Kita kenang inkarnasi sekaligus songsong parousia, itulah Substansi Adven.
“Kita adalah misionaris!” (MS 1). Hal yang tidak boleh kita lupakan, yaitu semua kegiatan misioner kita harus bersifat eskatologis. Maksudnya, “masa kegiatan misioner kita berlangsung di antara kedatangan Tuhan yang pertama dan yang kedua, saatnya Gereja bagaikan panenan akan dihimpun dari keempat penjuru angin ke dalam kerajaan Allah” (lih. Mat 24:31; 1Tes 4:13-18; LG 9).
Kedatangan pertama Tuhan disebut inkarnasi; itulah Natal, saat kelahiran-Nya, ketika Allah masuk dalam sejarah umat manusia, saat Allah menjadi manusia dan tinggal di antara kita (Yoh 1:14) untuk bergaul dengan kita sebagai seorang sahabat dan mengundang kita untuk masuk ke dalam persekutuan dengan-Nya (DV 2).
“Setelah pada zaman dahulu Allah berulang kali dan dengan berbagai cara berbicara kepada nenek moyang kita dengan perantaraan para nabi, pada zaman akhir ini, Ia berbicara kepada kita dengan perantaraan Anak-Nya yang telah ditetapkan sebagai ahli waris segala sesuatu” (Ibr 1:1-2).
Dengan peristiwa kedatangan-Nya yang pertama, kita sudah hidup dalam waktu akhir (1 Yoh 2:18; KGK 670). Sekarang ini kita sudah berada pada waktu zaman akhir (1Kor 10:11). Itu berarti kesudahan segala sesuatu sudah dekat (1 Ptr 4:7).

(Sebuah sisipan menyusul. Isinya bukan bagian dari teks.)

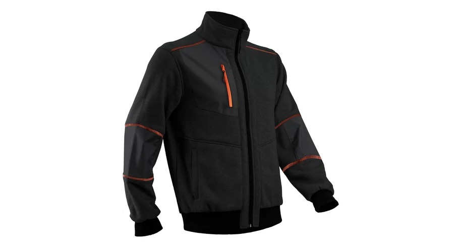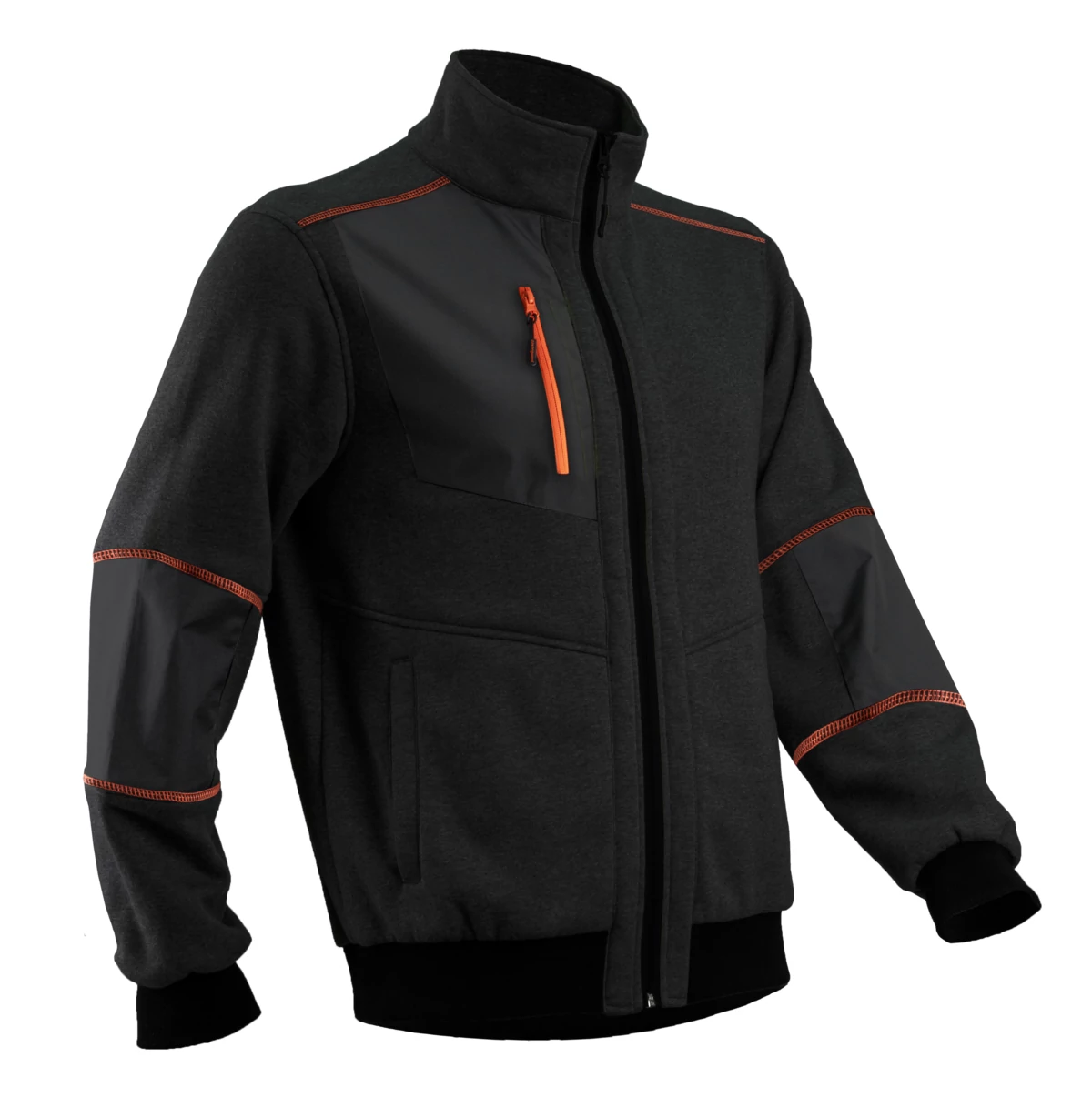 • Alapanyag: bolyhosított dzsörzé – 70% pamut+30% PES - 300 g/m2 vastag • PASSZÉ: bordázott és elasztikus 100% Poliészter • RIPSTOP BETÉT: (5 mm) PVC-vel borított 100% PES - 300 g/m2 • Kopásálló Ripstop betétek a könyöknél • Álló gallér • Cipzáras záródás • 1 cipzáras kontraszt színű felső zseb • 2 függőleges oldalzseb • 2 belső zseb • Bordázott textil mandzsetta és aljrész • Kopásálló Ripstop megerősítés a könyökrészenTulajdonságokKényelem: belül bolyhozott Ellenálló: Ripstop megerősítés Dizájn: kontraszt színű cipzár a mellrészenIpari ágazatokRegionális/közhasznú hatóságok, Infrastruktúra és építőipar, Építőipari szakmunka, Transzport és logisztika

Pertanyaanya adalah kapan kesudahannya paripurna? Jawabannya: tiada seorang pun tahu, karena Hari Tuhan itu tiba-tiba mendatangi kita seperti pencuri pada malam hari (1 Tes 5:2, 4; 2 Ptr 3:10; Why 3:3, 16:15).
Gereja Katolik mengajarkan demikian:
“Sejak kenaikan ke surga, terbayanglah kedatangan Kristus dalam kemuliaan, hanya saja kita tidak tahu masa dan waktu, yang ditetapkan Bapa sendiri menurut kekuasaan-Nya (Kis 1:7; bdk. Mrk 13:32). Kedatangan eskatologis ini dapat terjadi setiap saat (lih. Mat 24:44; 1 Tes 5:2), meskipun ia dan ujian di waktu terakhir, yang harus mendahului kedatangan itu, masih “ditahan”” (KGK 673).

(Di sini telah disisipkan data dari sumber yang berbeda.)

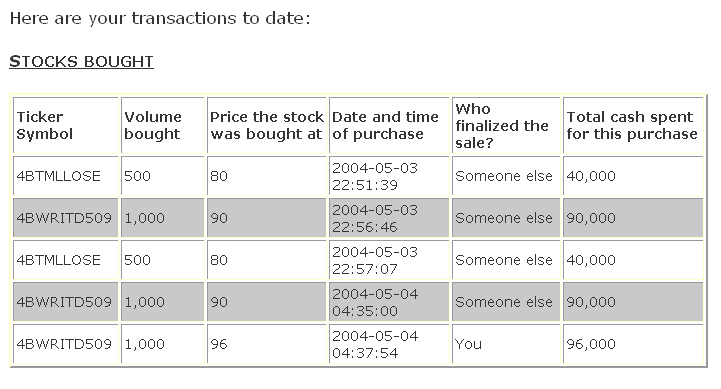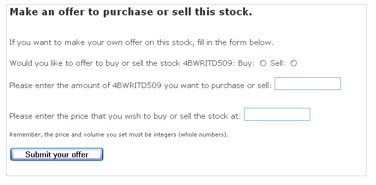 From there, you'll be taken to a page where you are presented with the total volume of stocks you are allowed to buy or sell (based on your current holdings of the stock, the maximum or minimum limits of the stock that you can hold, and any oustanding offers to purchase or sell the stock that you have). You can then enter into the form the number of stocks that you want to buy or sell. Then click on the button to finalize the transaction. Once this transaction is made, ALL SALES ARE FINAL. No refunds, baby.

Itulah kedatangan kedua Tuhan, yang disebut parousia, yakni akhir zaman.
Dari semua uraian di atas, yang secara gamblang dilukiskan dalam gambar ini, kita mendapatkan satu gambaran bahwa di dalam keseluruhan dinamika sejarah keselamatan, Tuhan Yesus sungguh menjadi sentral. Dialah puncak wahyu, karena menyingkapkan Allah secara penuh dan sempurna (DV 4). Tiada wahyu lain lagi!
Sejak Tuhan Yesus, Logos, masuk dalam sejarah manusia sebagai manusia dan tinggal di antara kita (Yoh 1:14), titik awal (arkhe) dan titik akhir (parousia) sejarah bertumpu pada diri-Nya. Dengan demikian, kehadiran-Nya memulai zaman akhir dan akan paripurna pada akhir zaman. Itulah sebabnya peristiwa inkarnasi dan parousia tidak dapat dilepaspisahkan.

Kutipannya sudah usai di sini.